Hi,
I bought a 950Mhz celeron a few months back thinking I could use it in my
gigabyte GA-6OX board, but I was wrong.
I'm after a board supporting PPGA celerons.. The specs for the chip can be
found here:
http://processorfinder.intel.com/scripts/details.asp?sSpec=SL5V2
It's a typical Coppermine Celeron, also known as a FC-PGA,
even though intel calls it a PPGA. It IS a PPGA, but FC-PGA
supercedes that description by providing futher detail that
it's a (F)lip (C)hip too.
Your motherboard should be able to run that CPU.
"Something" is wrong, but I couldn't guess whether it's a
motherboad, CPU, power, etc, etc problem based on info
provided.
I've checked ebay many times over, but everything I see mentions FC-PGA and
66Mhz FSB, with no mention of PPGA.
The Celerons "often" called PPGA but NOT FC-PGA were the
early mendocino celerons from 300-533MHz.
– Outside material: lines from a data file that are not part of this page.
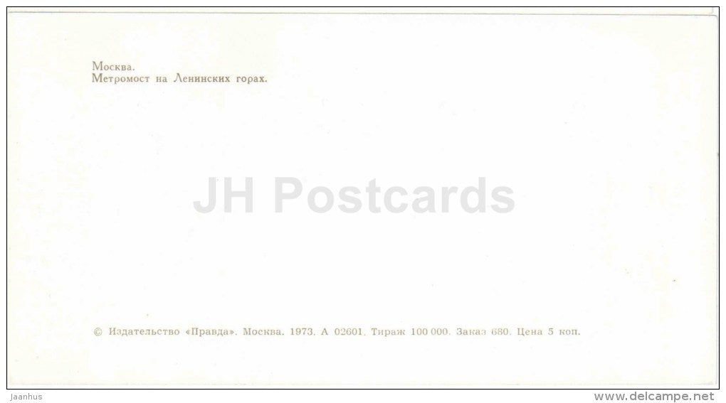 U-Bahn-Brücke auf Lenin Gorki – Moskau – 1973 – Russland UdSSR – unbenutzt
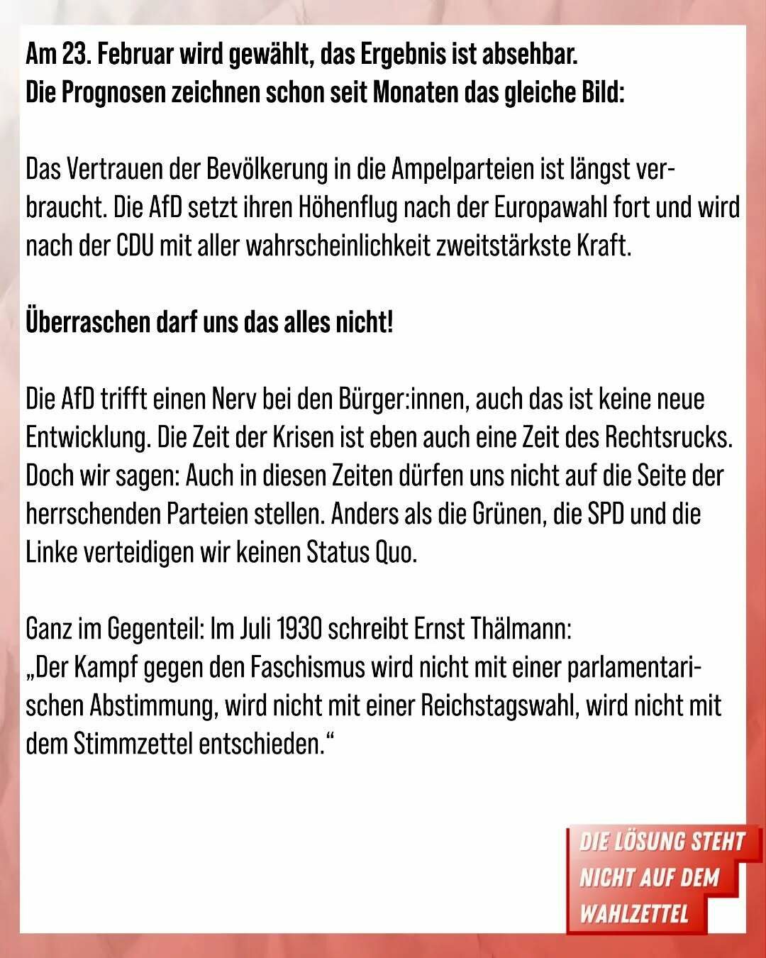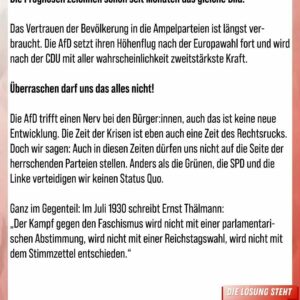 Die AfD trifft einen Nerv bei den Bürger:innen, auch das ist keine neue Entwicklung. Die Zeit der Krisen ist eben auch eine Zeit des Rechtsrucks. Doch wir sagen: Auch in diesen Zeiten dürfen uns nicht auf die Seite der herrschenden Parteien stellen. Anders als die Grünen, die SPD und die Linke verteidigen wir keinen Status Quo.
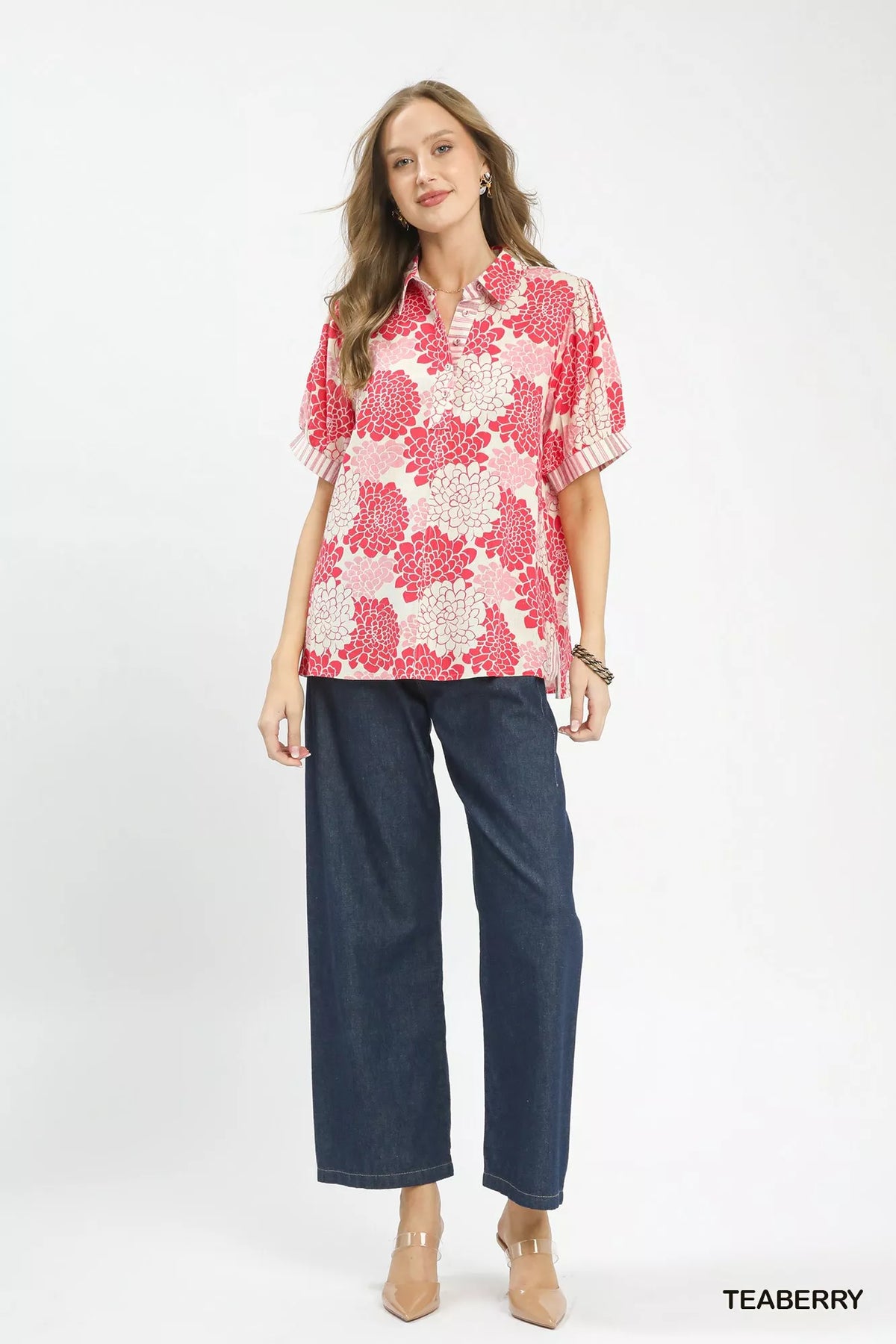 The Floral Collared Short Sleeve Blouse is a charming and versatile piece for your wardrobe. Made from linen, this blouse offers a lightweight and breathable feel. The floral print with multi-stripe contrast adds a cheerful and vibrant touch to the design. Featuring a collared V-placket, this blouse exudes a classic and polished look. The short sleeves with striped contrast cuffs provide a trendy and stylish detail. Perfect for adding a pop of color and femininity to your outfit, the Floral Collared Short Sleeve Blouse is a chic and playful top for various occasions.
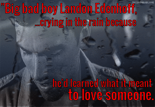 I didn't deserve you, but I'm thankful everyday for you. I couldn't do any of this without you, I wouldn't even want to. But knowing you exist somewhere out there, that you're walking around and breathing and smiling, it makes every moment in here worth it. Thank you for making me a better man. Landon
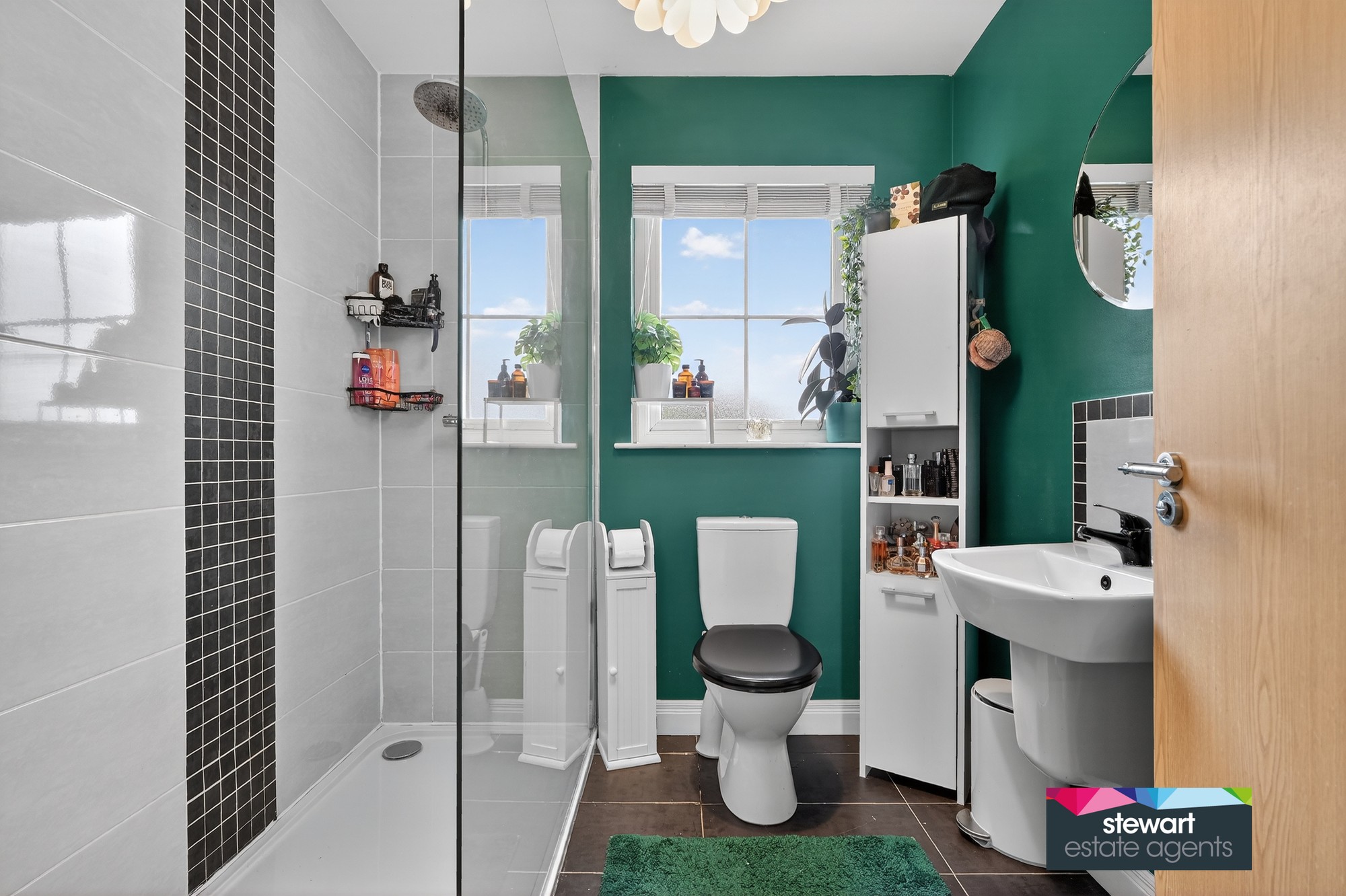 Shower room on the first floor with a contemporary style suite including a shower, WC and wash hand basin

They were
distinctive with brown fiber carrier (pins visable though
the top of the carrier) and nickel-plated copper heat
spreader on top, looked a lot like a Pentium (1) MMX, but
with more pins on the bottom. Those all used 66MHz FSB,
but so did the later FC-PGA Coppermines, from 533MHz (there
was overlap in 500-533MHz range) to 766MHz, then first
Coppermine with 100MHz FSB was 800MHz model.
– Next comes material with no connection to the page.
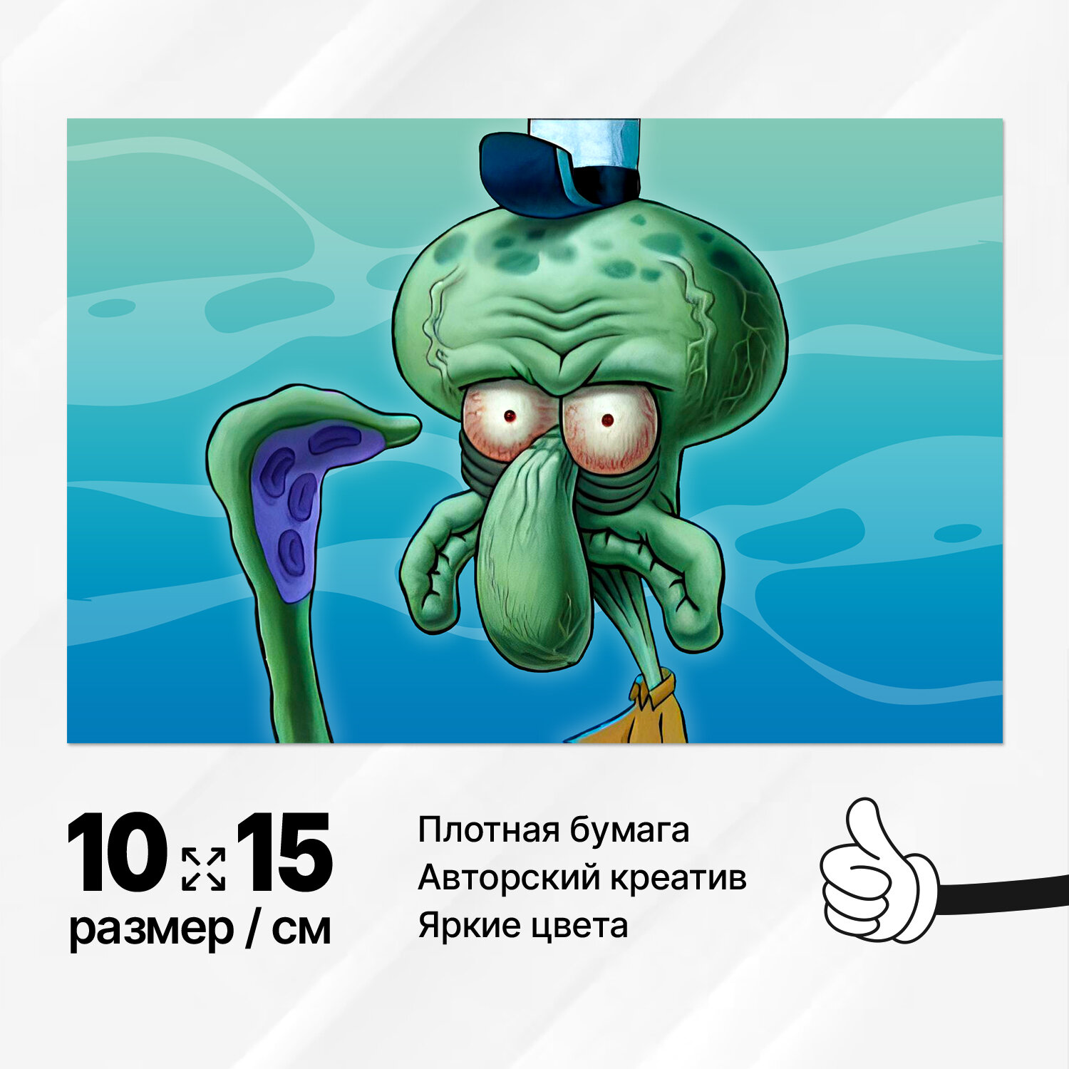 Дизайнерская открытка "Сквидвард" (10х15см, плотная бумага, авторский креатив) интересное:

AFAIK, ALL 815 chipset boards should run a Coppermine 850
chip. Are you certain the jumpers are correct? That either
or both parts work? That there isn't something else you've
overlooked?
The primary limitation of the 815 boards was that they could
only support 512MB of memory. Otherwise they were a fine
choice. Another alternative for Celeron 950 would be any
board with Via Apollo Pro 133(T) chipset, also known as 694X
or 694T ("T" means it also supports Tualatin but not the
Mendocino 300-533 Celerons).
If your board is similar to the one in this pic,
http://www.ixbt.com/mainboard/images/roundup-jun2k1/gigabyte-ga-6oxe-1.jpg
there's a FSB jumper below the IDE ports that might need
changed. Don't know about the other jumpers but that (and
other Gigabyte boards of that era) also used
<cough>potentially</cough> defective capacitors labeled as
(G-)Luxon. If any caps look vented that's probably the
problem... though you don't mention if the board was new or
used, tested working or not beyond with the Celery 950.
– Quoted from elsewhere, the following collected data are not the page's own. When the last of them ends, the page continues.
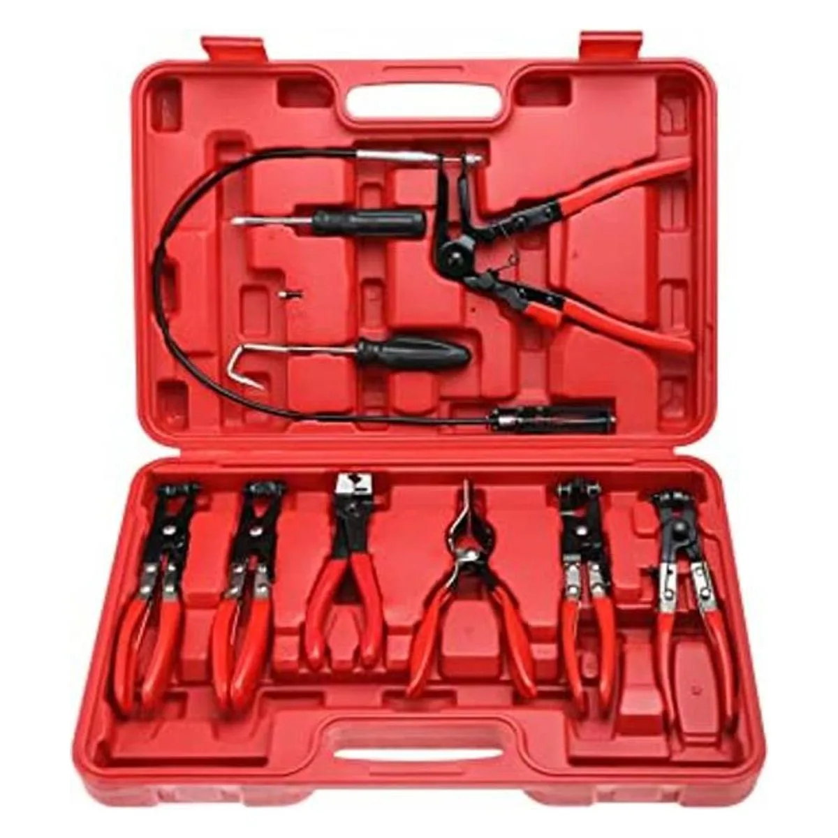 El juego de alicates de abrazadera de manguera de 9 piezas tiene todo lo que necesitas para desmontar un motor y reemplazar mangueras de combustible, aceite y agua; las herramientas incluidas aprietan las pestañas de abrazadera para eliminar la presión de la manguera; este es un conjunto de herramientas que se deslizan en la cubierta de la pestaña en el lateral del conector y mantienen la pestaña de bloqueo en la posición abierta mientras las tiras
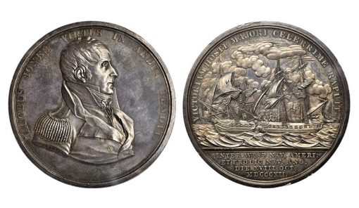 A selection of significant medals highlighted the Numismatic Americana that inaugurated the sale on Tuesday, August 1. Lot 7 presented a rare original striking of the 1812 Captain Jacob Jones medal in silver. Certified MS-63 (NGC) and previously sold as part of the Dreyfuss Collection in Bowers and Merena’s sale of April 1986, this piece realized $19,975 in the 2017 Denver auction.
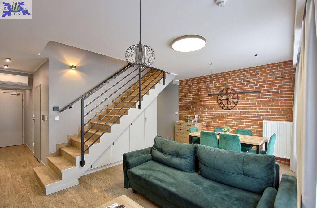 Mieszkanie 2 - poziomowe, z 2 sypialniami na drugim poziomie i częścią dzienną - salon z aneksem kuchennym na dole.
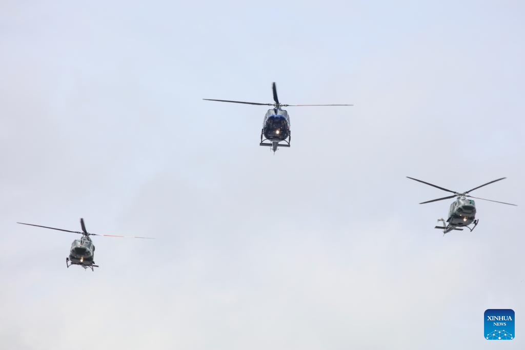 SAN SALVADOR, 15 septiembre, 2025 (Xinhua) -- Helicópteros de la Fuerza Aérea de El Salvador sobrevuelan el desfile por el 204 aniversario del Día de Independencia de El Salvador, en el departamento de San Salvador, capital de El Salvador, el 15 de septiembre de 2025. Miles de salvadoreños colmaron el lunes las calles de San Salvador, la capital, para conmemorar los 204 años de independencia de Centroamérica de España, en un desfile cívico militar que, pese a las lluvias nocturnas, inició puntualmente a las 8:00 hora local con un ambiente de música, color y orgullo nacional.(Xinhua/Alexander Peña)

Otherwise, there were heaps of boards back in the coppermine
era, partly why i mentioned the two/three chipsets, as it's
not too easy to provide a comprehensive list of them all,
but particularly the MSI and Asus from that era were good,
as the Gigabyte and Abit were having a few capacitor issues
during that period... otherwise they'd have been good
choices too. 810(E?) chipset boards should work, IIRC, but
there's no good reason to choose one today, and 820 if you
have some spare rambus memory lying around, but I altogether
avoided 820 boards and have no advice on those. Given a
choice I'd go with a Via Apollo Pro 133T (694T) based board,
because they had decent performance and the following
features beyond what some others had:
- ATA100
- AGP4X Universal Slot
- Support 512MB PC100/133 per slot 2(?)GB total.
- Most likely to have bios update for larger HDD support.
- Most likely to have bios update for Win2k/XP power
management support.
ebay is a gamble on used parts like these, you might find
something at a surplus-computer-parts type site, though i
have no idea who'd have something like that these days.